Brooke had already written to Noel warning of his intentions: ‘I am coming to Petersfield. Is it permissible? The matter is this. Dudley … and I are going to start from Winchester in a cart … We can take Petersfield on the way … Jacques will be in Minorca and without him I should be too horribly frightened to come near Bedales.’ In the absence of his usual Bedalian chaperone, Brooke had craftily enlisted the aid of a new friend, the melancholy country writer and future poet Edward Thomas, whose wife Helen was a Bedales teacher, and who lived near the school in a house built by another teacher, the architect Geoffrey Lupton. ‘I thought of trying to get Thomas or Lupton to let Dudley & me slumber in their grounds that night, & give us a meal. If that is impossible, I suppose we shall just pass through the place and hang about for an hour or two, if it’s decent or desirable. But I want to see Thomas!’
Brooke suggested that Noel obtain an exeat to visit them at Thomas’s house high above the village of Steep. Failing that, he held out the hope that they would meet at the annual camp organized by the Oliviers, which would take place this summer at Buckler’s Hard, on the River Beaulieu on the edge of the New Forest. ‘Our cart will land us there … By God! Life will be good, in August! I shall make a special endeavour not to die during July.’ Brooke made his plans even more plain to the absent Jacques: ‘But all, almost, we want to do is to see the gorgeous Noel and talk with the tired Thomas.’

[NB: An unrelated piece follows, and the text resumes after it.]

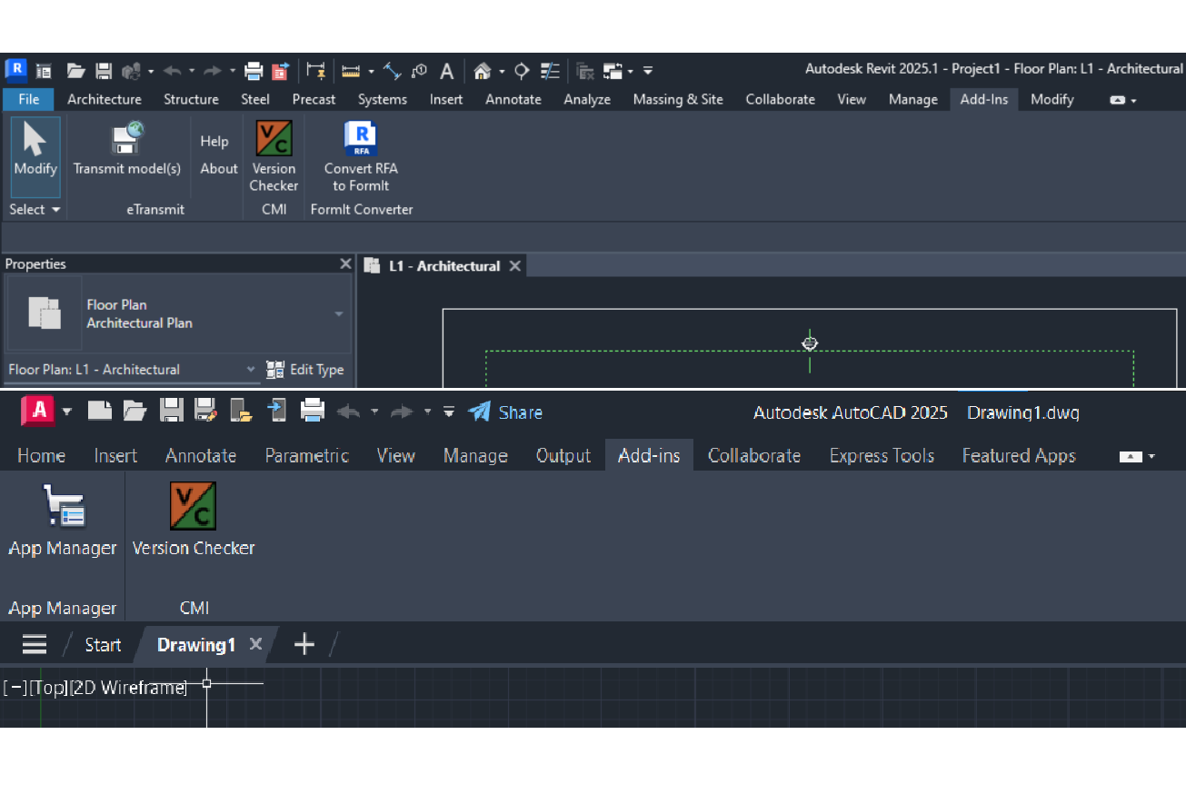 - Seamless Integration: Run CMI Version Checker directly from within Revit, AutoCAD, or Civil 3D, enabling you to continue your workflow uninterrupted while the tool performs its magic.

Not wanting to impose on the impoverished and permanently harassed Thomas, already the father of two young children, and with Helen Thomas heavily pregnant with their third, Brooke brought his charm to bear on Lupton, a follower of William Morris’s Arts & Crafts movement, who built the
Thomas’s home, The Red House, and the library at Bedales, virtually with his own hands. As a result he and Dudley spent their first night on the road under Lupton’s roof, and Noel Olivier joined them for tea, chaperoned by a school friend, Mary Newberry.

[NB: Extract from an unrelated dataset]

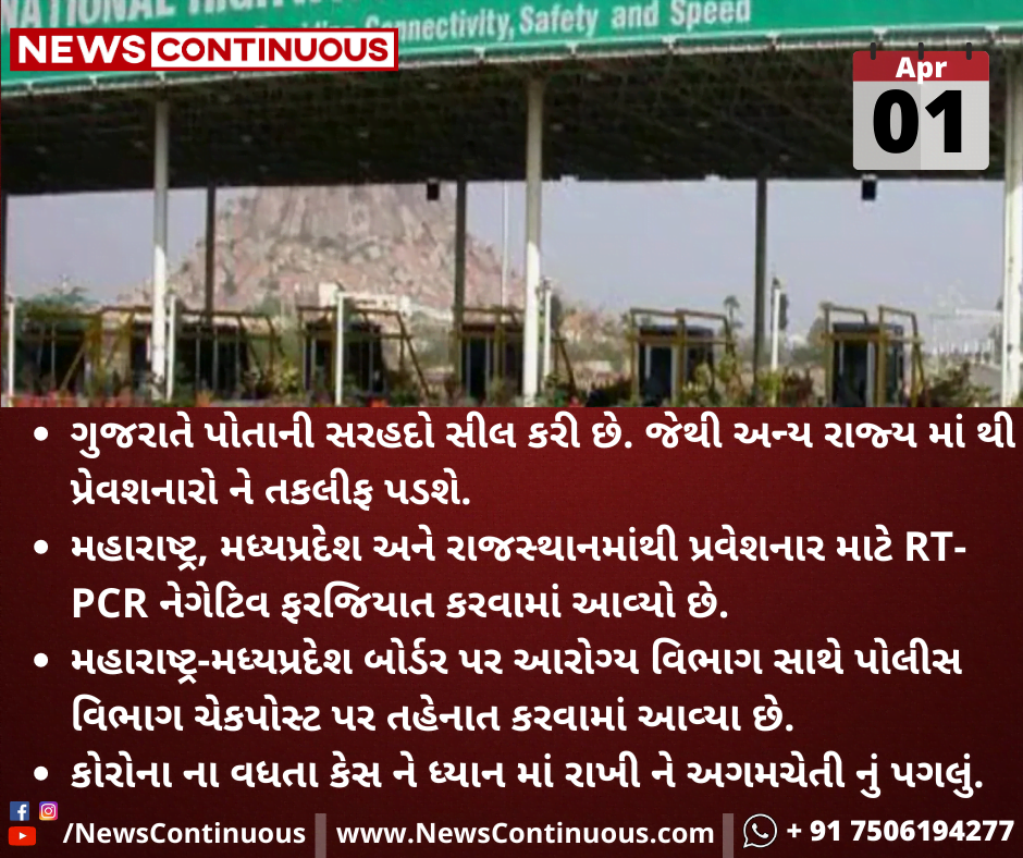 - ગુજરાતે પોતાની સરહદો સીલ કરી છે. જેથી અન્ય રાજ્ય માં થી પ્રેવશનારો ને તકલીફ પડશે.

After this entertaining diversion from the stern central purpose of their tour, they set off once more, heading in a south-westerly direction; stopping and holding their public meetings as the mood took them. They divided responsibilities: it was Dudley’s job to hand out leaflets drumming up interest, while Brooke made the main speech. He had a standard spiel, stressing the waste of letting between two and three million people idle in destitution while their energies could be put to productive use if the state put them to work. In his notes for the speech, we find pure Fabianism, as well as the doctrine of state-aided public works that was later to be associated with his Apostolic colleague Maynard Keynes. The influence of Keynes and the Webbs is clearly visible in the doctrines Brooke preached on village greens and market squares that summer. Only at Wareham, in Dorset’s Isle of Purbeck, did a downpour force them to abandon their itinerary and take refuge in the Black Bear hotel. Sadly, the rain continued, and they backtracked to Winchester with spirits somewhat dampened.
10
* * *
‘Life burns on’
* * *
While setting up his summer rendezvous with Noel, Brooke had not forgotten his parallel pursuit of Bryn. As usual he enlisted a third party as his agent in place to cover his covert actions. This time his fall guy was Bunny Garnett, the family friend of all the Oliviers. In order to ingratiate himself with Bunny, Brooke invited him to stay at the Orchard along with Bryn, seductively detailing its delights: ‘apple blossom now, later … roses … bathing and all manner of rustic delight, cheeses, and fruit’.